For some students, Wall Street’s boom fueled fantasies of the full-on, debauched eighties-investment-banker lifestyle. Not for Bannon, who wouldn’t permit himself the distraction. Although he dressed the part of a rich preppy, in khakis and yellow Polo sweaters, he mostly forswore partying and resolved to become a grind. “He was not a rebel looking for a cause,” recalled Scot Vorse, his friend and classmate. “You don’t go to Harvard Business School to be a rebel and cause problems. You go to Harvard Business School because it was the most prestigious school to get in at the time.” Ever alert to signifiers of class, Bannon understood that he differed from most of his HBS peers: he was several years older, married (he’d wed Cathleen “Susie” Houff, a young woman from Richmond who’d gone to Virginia Tech), had blue-collar Irish roots, and had made it to Harvard by way of the Navy rather than an elite university that might have endowed him with useful friendships and business connections.

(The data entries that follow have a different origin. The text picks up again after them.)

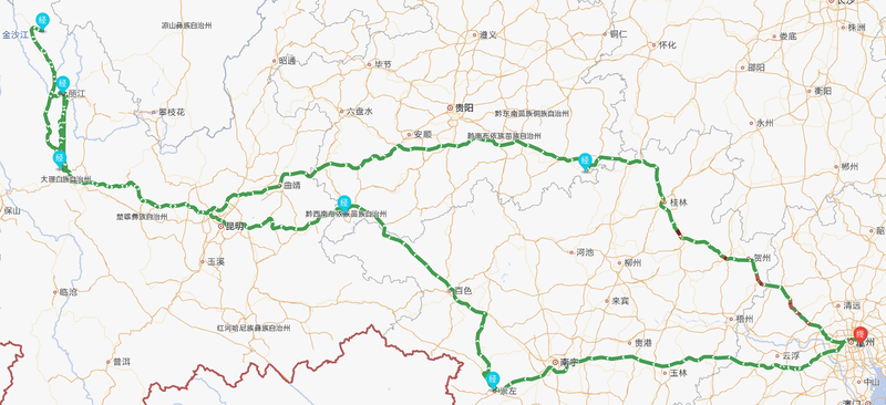 8: 00 Guangzhou - 17: 00 Chongzuo 800 km, viaje estimado de 9 horas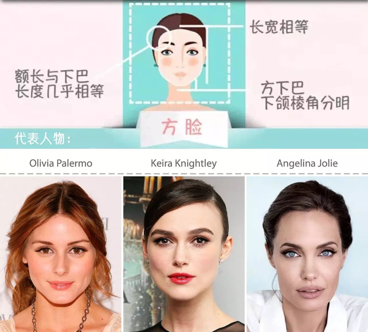 方脸应该属于比较好辨认的脸型,除了方下巴外,明显的下颌角很容易给人留下深刻印象,比如有“纽约第一名媛”之称的Olivia Palermo。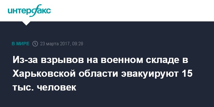 Москва. 23 марта. INTERFAX.RU - Из возможной зоны поражения близ военного склада в Балаклее Харьковской области Украины, где по состоянию на 8 утра по местному времени наблюдались взрывы разной интенсивности, эвакуируют 15 тыс. человек, сообщает пресс-служба Госслужбы Украины по чрезвычайным ситуациям.

The brass ring for HBS students was a summer associateship at one of the big investment banks, typically the prelude to a coveted job offer upon graduating. Competition was fierce. Bannon, who made friendships easily, was warned by his more well-bred classmates that he would probably have to stand out academically to have a hope of landing one. “They told me, ‘Hey, since you were in the Navy and didn’t really come up with us, you’ve got to become a first-year honors guy,’” he said. He took the advice to heart. “I was really focused on getting first-year honors, getting really great grades.”
It helped to be hyper-competitive and driven, which Bannon was, and to have a healthy dose of charisma, which he certainly did. HBS divided its first-year students into sections of about ninety people and then pitted them against one another to determine their grades. Half of their grade was based upon class participation. Adding to the pressure, the program was designed to fail 7 percent of the class, in order to foster competition. Bannon was assigned to Section H and quickly distinguished himself as “the leader of the pack,” said Vorse.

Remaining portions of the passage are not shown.